Durante los siguientes cinco minutos atacó sin éxito el precinto, dificultado por el rítmico balanceo del tren corriendo bajo la lluvia. Apenas la mitad de los golpes alcanzó su objetivo. Se derrumbó por fin sobre la caja más próxima y contempló la zona machacada alrededor del tapón. ¿Habría hecho alguna mella? Aferró la repisa con ambas manos y golpeó el tapón una y otra vez. De repente, se hundió, y la repisa desapareció en la recién creada abertura. No hubo chapoteo, sino que una nube de polvo blanco luminoso surgió del hueco. Agitó las manos frente a su rostro, instintivamente, antes de levantarse y cepillarse las solapas del abrigo. Esperó a que la nube se disipara, antes de volver a mirar dentro del barril.
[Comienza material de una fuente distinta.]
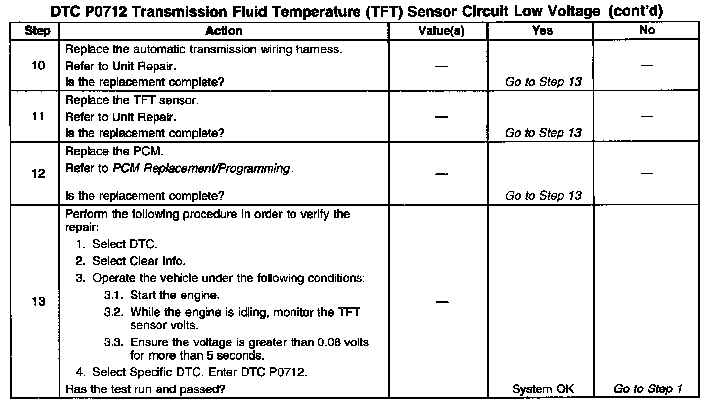 ^ The PCM stores DTC P0712 in PCM history.
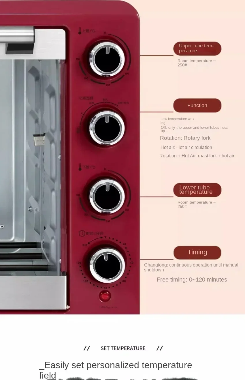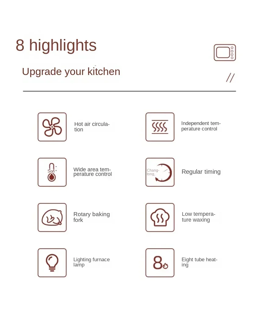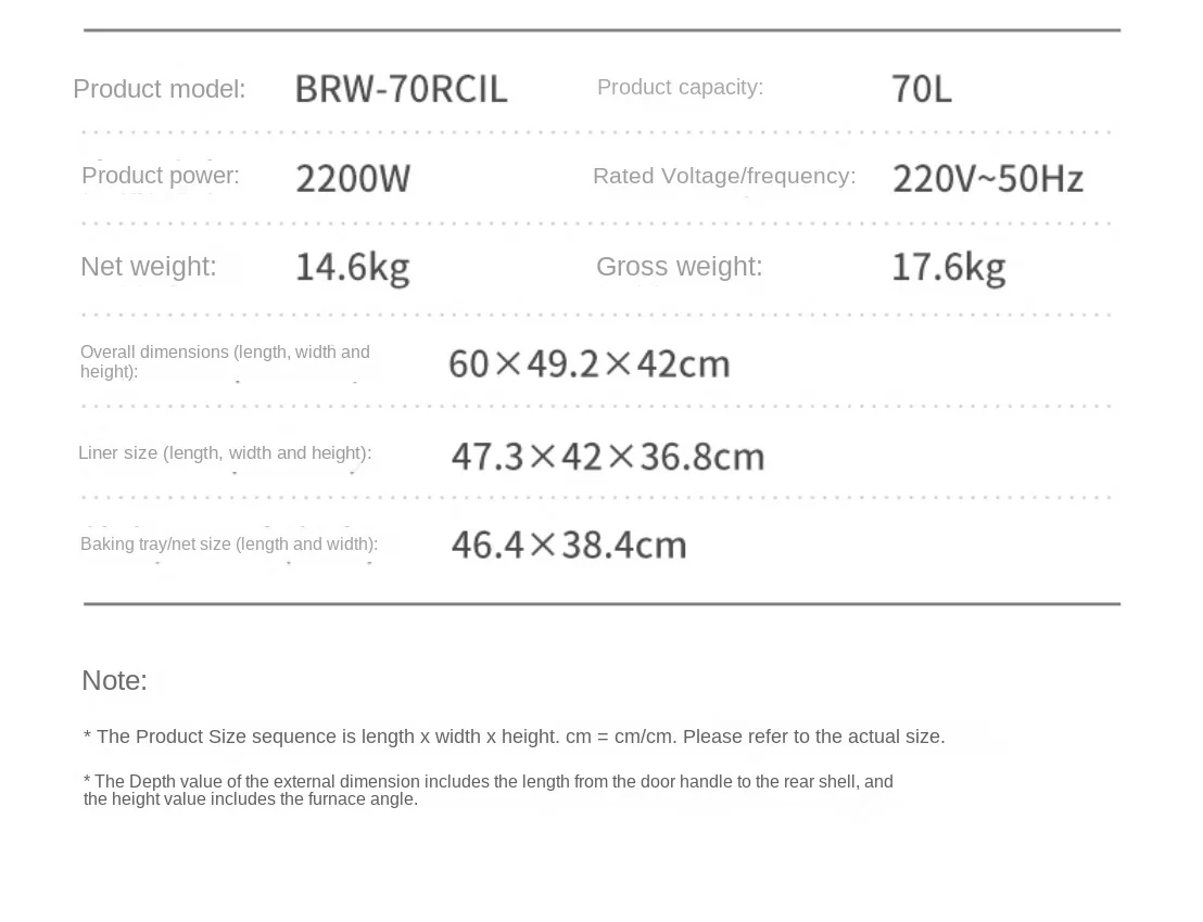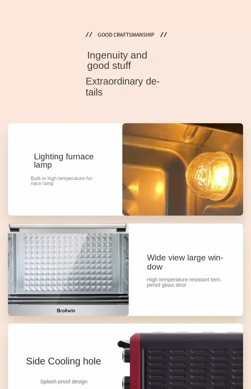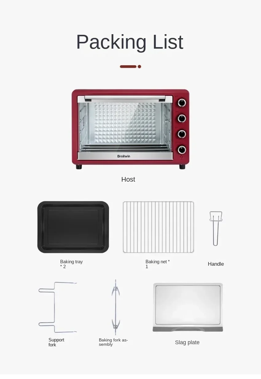 فرن كهربائي بسعة كبيرة، منزلي تجاري، 70 لترًا، كامل الوظائف، كعك خبز خاص بالهواء الساخن وكعك القمر
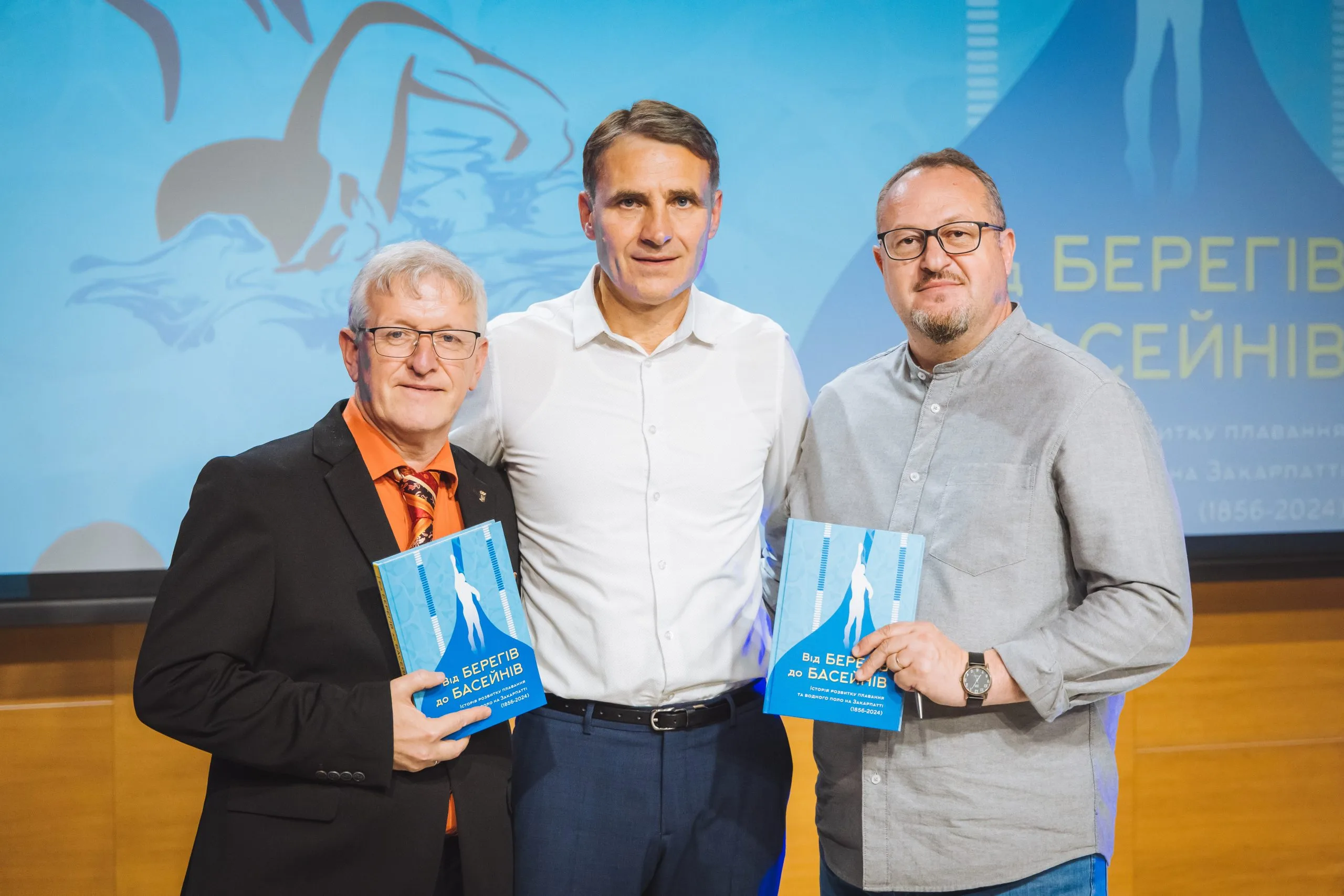 Авторами книги “Від берегів до басейнів” стали Роберт Левицький, голова Федерації плавання України в Закарпатській області, Володимир Тарасюк, спортивний журналіст, кандидат філологічних наук та Маріан Токар, доктор наук з державного управління, професор кафедри соціології та соціальної роботи УжНУ. У книзі автори розповідають про майже 170-річну історію розвитку плавання та водного поло на Закарпатті (1856–2024). Над виданням працювали 12 років, розповів Varosh Роберт Левицький.
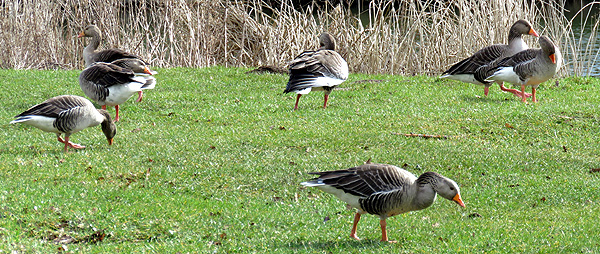 8 Mute Swan plus 1 juv., 4 Greylag Goose,

Estaba lleno de polvo. Desconcertado, se rascó su cabello salpicado de gris y se preguntó qué podía ser y por qué lo habían guardado en un barril de cerveza. De pronto, el tren empezó a perder velocidad. Corrió hacia la puerta para ver dónde estaba y reconoció de inmediato la estación de mercancías: Estrasburgo. Luego recordó el guardia de Wissembourg y supo que le quedaba muy poco tiempo para borrar sus huellas. Repuso el barril abierto en su sitio, cubrió con la tela embreada los seis y colocó las cajas tal como estaban antes. Después volvió junto a la puerta para comprobar que no había guardias de seguridad al acecho. La zona estaba desierta. La suerte le sonreía de nuevo, al menos de momento, pero ya había decidido no desafiar al destino. Tenía muy pocas probabilidades a su favor. Aguardó a que el tren frenara para saltar del vagón de carga y cerrar la puerta con el mayor silencio posible a su espalda.

La tormenta se alejaba y lo consideró un buen augurio.
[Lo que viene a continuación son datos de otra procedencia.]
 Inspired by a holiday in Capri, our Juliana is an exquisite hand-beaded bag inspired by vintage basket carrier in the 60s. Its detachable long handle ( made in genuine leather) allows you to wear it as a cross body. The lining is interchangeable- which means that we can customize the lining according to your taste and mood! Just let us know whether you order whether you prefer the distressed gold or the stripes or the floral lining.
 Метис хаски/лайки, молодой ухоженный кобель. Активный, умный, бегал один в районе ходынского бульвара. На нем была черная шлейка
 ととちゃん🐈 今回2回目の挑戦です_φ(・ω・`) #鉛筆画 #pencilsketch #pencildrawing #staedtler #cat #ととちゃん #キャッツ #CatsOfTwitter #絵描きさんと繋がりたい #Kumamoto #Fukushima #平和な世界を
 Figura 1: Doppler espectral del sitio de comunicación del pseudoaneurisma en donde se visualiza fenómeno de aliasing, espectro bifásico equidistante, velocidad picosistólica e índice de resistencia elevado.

Josef Mauer formaba parte de la Policía austríaca desde hacía dieciocho años, los últimos once como sargento destinado en Linz, pero pese a los numerosos intentos de su superior para hacerle cambiar de idea, nunca le había interesado ascender, y prefería la emoción cotidiana de recorrer las calles en un coche de la policía a luchar con un montón de papeles en alguna aburrida oficina. Habían asesinado a su compañero de patrulla cuatro años antes en un tiroteo, pero en lugar de solicitar un nuevo compañero, Mauer trabajaba ahora con los novatos, enseñándoles los trucos del oficio y ayudándoles a adaptarse con la mayor rapidez posible, tras su graduación en la Academia de Policía de Viena, a la rutina diaria de la comisaría de la Mozartstrasse.

Ernst Richter, llegado el día anterior, era el último recluta de la academia, y le habían destinado a trabajar con Mauer durante el primer mes, para que estudiara su temperamento y personalidad y se asegurase posteriormente de que le asignarían el compañero apropiado.

—¿Qué tenemos para hoy, señor? —preguntó Richter cuando los dos hombres llegaron al coche policial.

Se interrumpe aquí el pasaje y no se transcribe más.